The incidence of anaphylaxis to rocuronium closely follows the increase in usage of this NMBD (Fig. 1); the overall number of reactions and the number of reactions to other relaxants appears to be falling. This is reflected in data on patients seen at the Anaesthetic Allergy clinic between January and June 2000, among whom there were eight reactions to rocuronium and only three to all other NMBDs.
The reduction in reactions to other NMBDs is not a phenomenon reported or observed previously and is an important consideration in the relative safety of NMBDs. One would expect that if a drug of intermediate risk of producing anaphylaxis gained such a proportion of the market and displaced higher-risk drugs such as succinylcholine, the overall incidence of anaphylaxis should fall, and we suspect this is occurring with the increasing use of rocuronium in Australia.
There were 20 females and four males in our study, a female preponderance similar to that in patients allergic to other NMBDs in our database. This marked preponderance of females, usually of the order of 4:1, has been noted in other studies of anaphylaxis to NMBDs.2 5 14 15
RIA testing for morphine antibodies has now simplified RIA testing for NMBD allergy, as the single substituted ammonium group is common to the structures of both morphine and NMBDs.

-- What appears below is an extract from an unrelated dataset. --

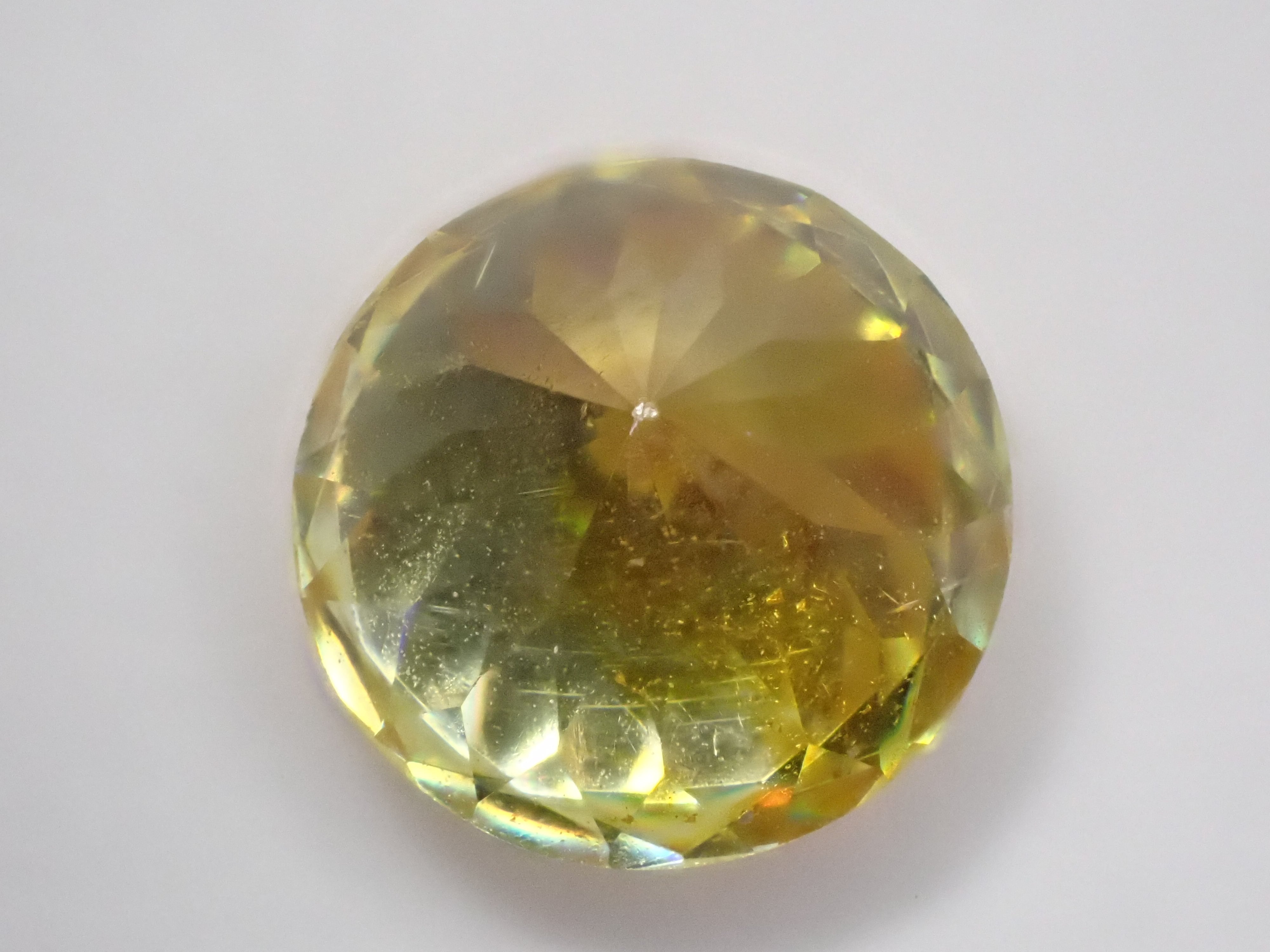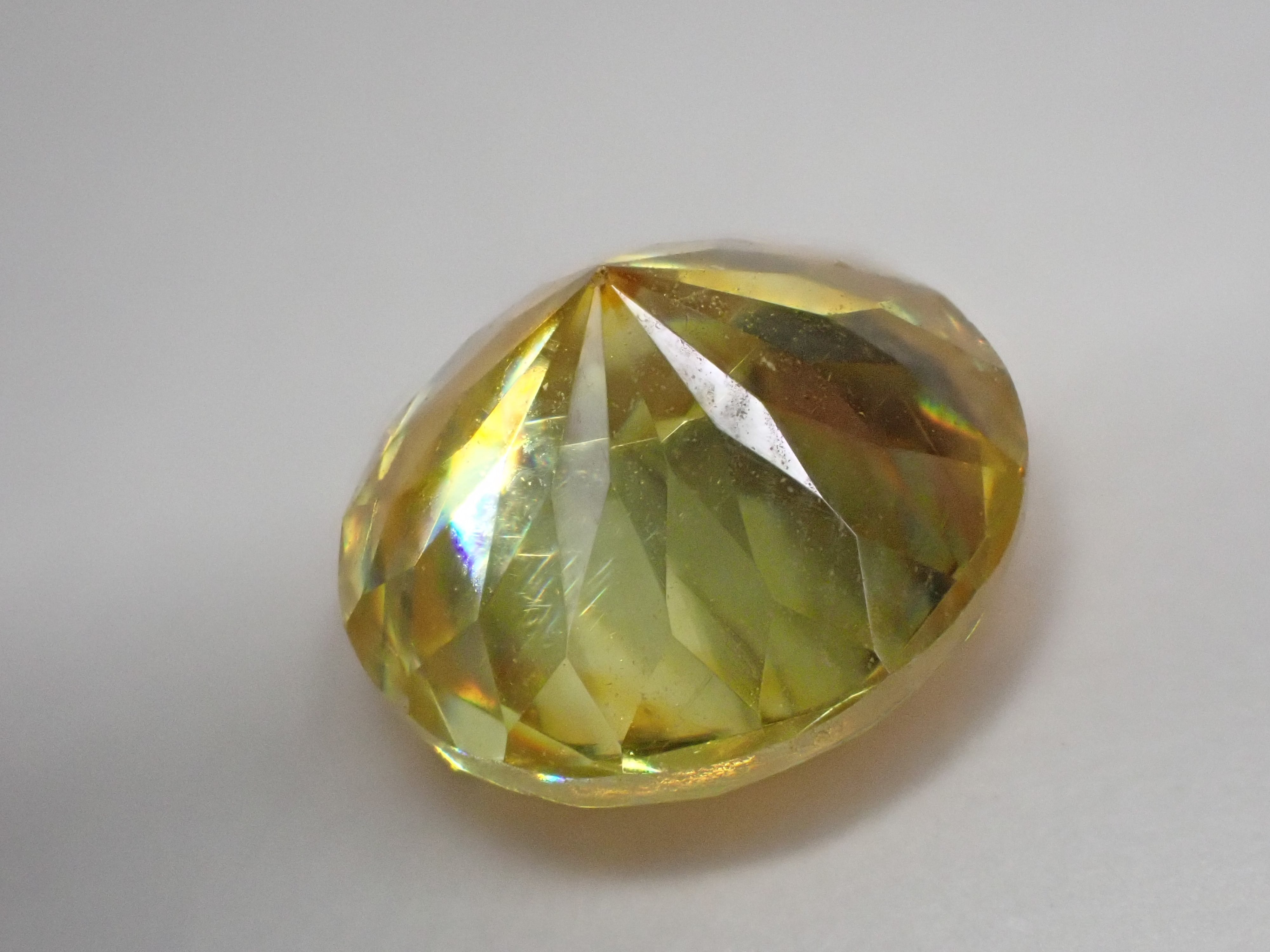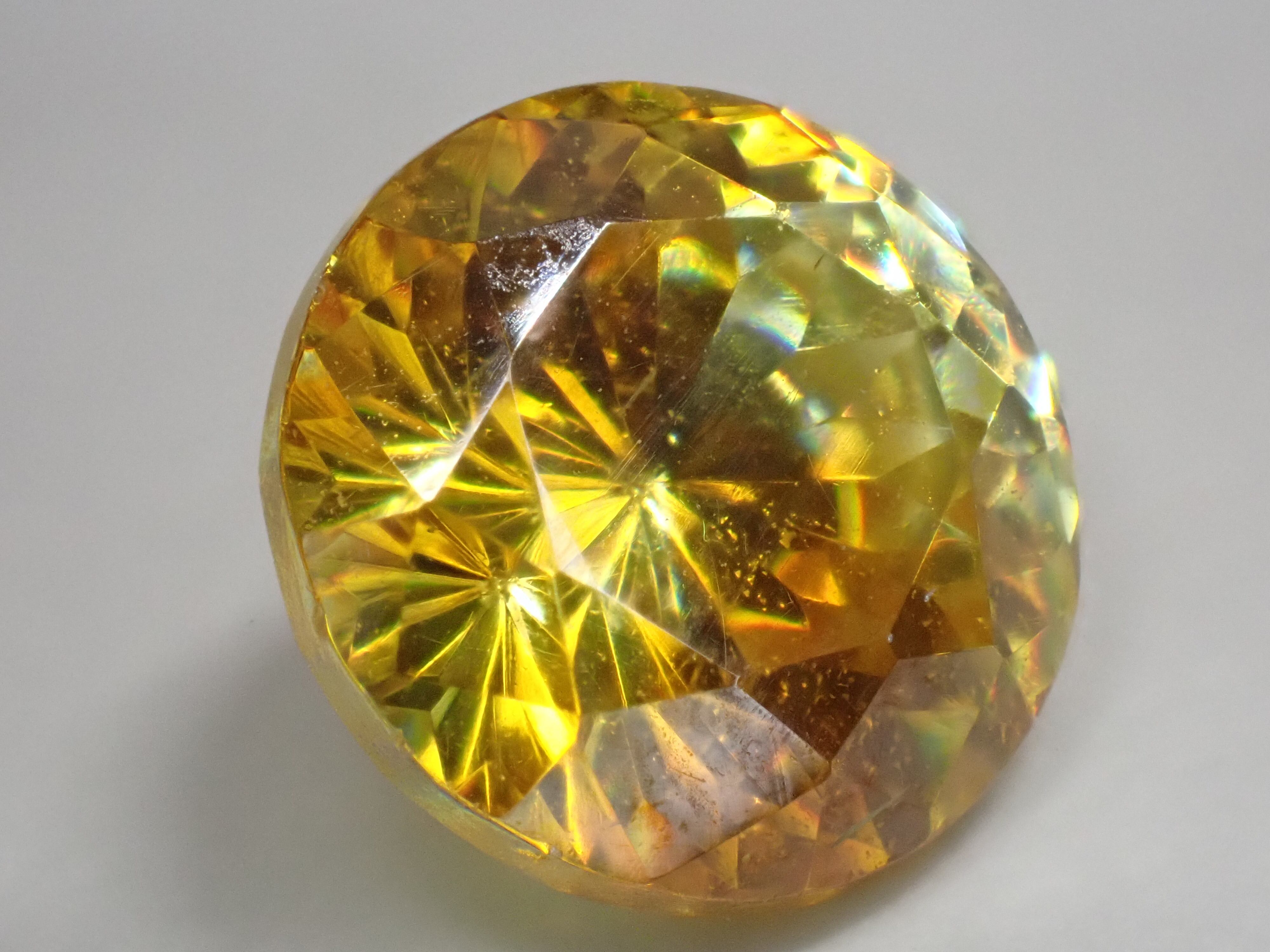 非常に高い分散を持ち、光を受けると強いファイアを見せるのが特徴の宝石。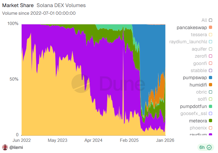 PumpSwap increased its influence, becoming the major Solana DEX in the past few months. | Source: Dune Analytics

As a result, it is much more efficient to use the morphine RIA to test for IgE antibodies to NMBDs as a group than to use specific NMBD RIAs.8
A previous study2 examined individual cutaneous relaxant sensitivity in a population of patients who reacted to NMBDs, and the results suggested that in Australia succinylcholine and alcuronium were high-risk drugs (over 40% of the NMBD-allergic population were sensitive) and vecuronium and pancuronium were low-risk drugs (fewer than 10% of NMBD-allergic patients were sensitive). These data appeared to reflect the described incidences of severe clinical reactions in the two large published series in Australia and France.2 3
Data from our analysis (Fig. 2) confirm these general trends. We have divided the NMBDs into high-, intermediate- and low-risk drugs in the population of relaxant-sensitive patients. These divisions, of course, are arbitrary and exact percentages of reaction depend very much on the sample size (number tested) for each drug. With the possible exception of decamethonium (only 10 tested, four positive) the numbers tested give a good indication of the relative risk of each agent. NMBDs with a high risk (>40%) of causing anaphylaxis in the relaxant-sensitive population were alcuronium, succinylcholine, d-tubocurarine and decamethonium. Intermediate-risk (2040%) agents were atracurium/cisatracurium, rocuronium, mivacurium and gallamine. As expected, the two low-risk agents were vecuronium and pancuronium.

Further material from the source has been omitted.